I remember freezing, stunned at myself, and wondering if I would be punished for it somehow. Those Christian beliefs: “Sinners in the Hands of an Angry God,” hellfire, struck down by lightning, pillar of salt, and all the other fear teachings that I had learned popped into my head accompanied by a bone deep, soul deep fear.
Obviously, none of this happened. Intellectually, I knew those thoughts were beyond ridiculous, but a very real part of me totally bought into them. Dang it!
As I systematically worked through the memories, these myriad violations that I had suffered to my person, my internal pressure cooker would fill with steam and sometimes the steam control valve let out just enough steam to keep the lid on, but at other times during the more painful memories and realizations, the pressure built to the point that the entire pressure cooker would explode in violent upwellings of fury, impotent fury. The silent screams, strangled sobs, and fetal rocking witnessed only by the walls of my bedroom and bathroom.

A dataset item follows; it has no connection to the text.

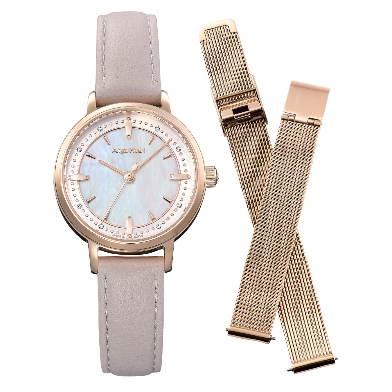 「エンジェルハート」は、進学や入社、新たな一日の始まりなど、人生の大切な節目を迎える女性に寄りそうファーストウォッチとしてぴったりなブランドです。2004年4月に誕生して以来、多くの女性に親しまれています。
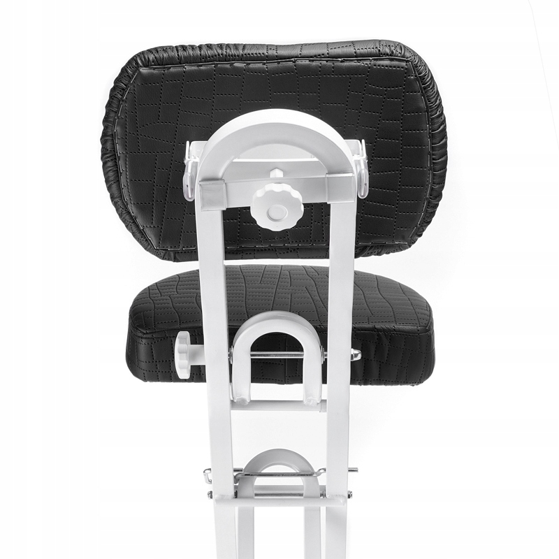 Подставка для ног и сиденье имеют 5-кратное наклонение. регулировка высоты по уровню, что позволяет удобно и устойчиво сидеть людям разного роста. Табурет имеет спинку с плавной регулировкой высоты и угла наклона.

What I was so impotently furious at were the violations of me, the people, who had perpetrated them upon me, and the fact that I was a child and unable to defend myself or be protected and defended from those who hurt me over and over again. I would feel guilt about these feelings because I was taught to forgive and forget, but that Christian belief was not nearly enough to cool the fires of rage: goddamn men, goddamn the patriarchal bullshit, goddamn all the fucking pedophiles, goddamn God because He was male, too.

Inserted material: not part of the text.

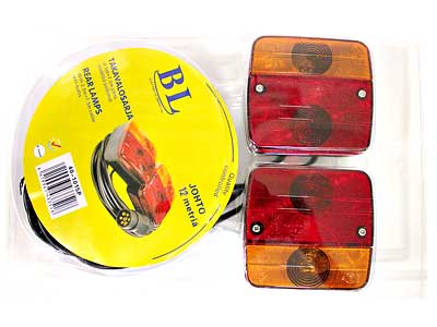 4- ja 3-toimiset takavalot, E11 johto 12m + 7-nap. pistoke sis. 12V polttimot

Fuck the universe and whoever designed it.
Those vicious fantasies of hurting those who had hurt me – I blamed myself for not being a warrior child and beating them, stabbing them, knocking them unconscious, taking my brother and running away.

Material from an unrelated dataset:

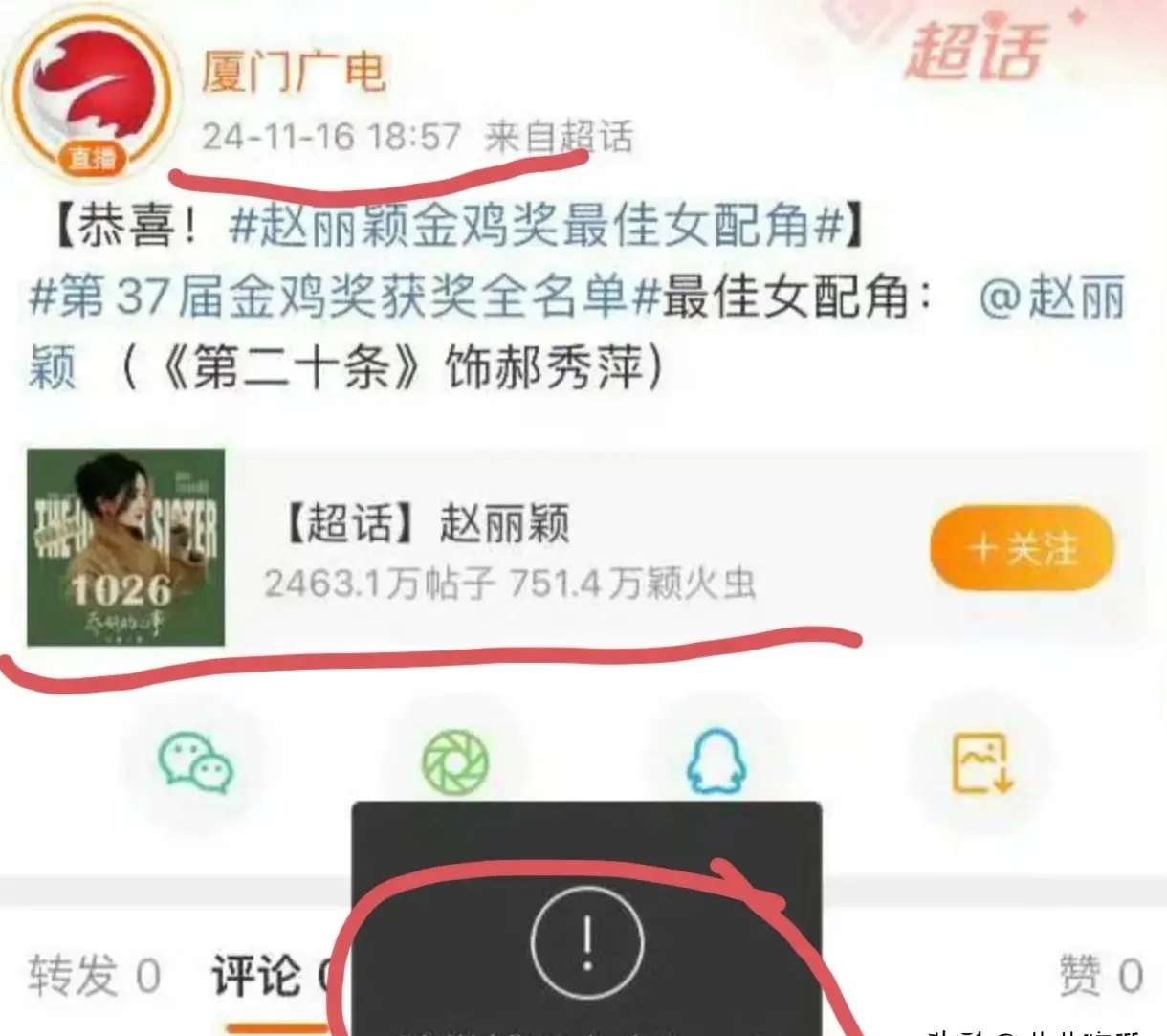 厦门广电在还没有公布获奖名单的时候,就直接为赵丽颖送上了获奖之后的祝福。

I often felt guilty after these fantasies, but I couldn’t forgive them, and I couldn’t make the rage go away no matter how hard I tried. And I tried so hard over and over again because I didn’t want to be that person. That non-Christian person, who doesn’t forgive and forget because to forgive and forget is divine.
To forget is simply another lie.
Just as I could not forgive men and forget, I could not forgive my parents. My feelings for them were tangled and myriad. I hated and loved them, was so angry with them, and felt guilty because I knew that they had suffered trauma and abuse, too. None of that helped me to get over it.
When we suffer trauma, our conscious minds might forget, but our bodies don’t and that pain torments us in countless ways. So, we should remember, and we should heal because it’s when we don’t remember, and we aren’t aware that allows the perpetuation of the cycles of abuse and neglect to continue generation after generation.
My parents and my grandparents never forgot their hurts, they told stories. Painful memories of terrible abuse. I could feel their hurt and their rage. Those memories and those feelings stuck within them for decades upon decades, never healed.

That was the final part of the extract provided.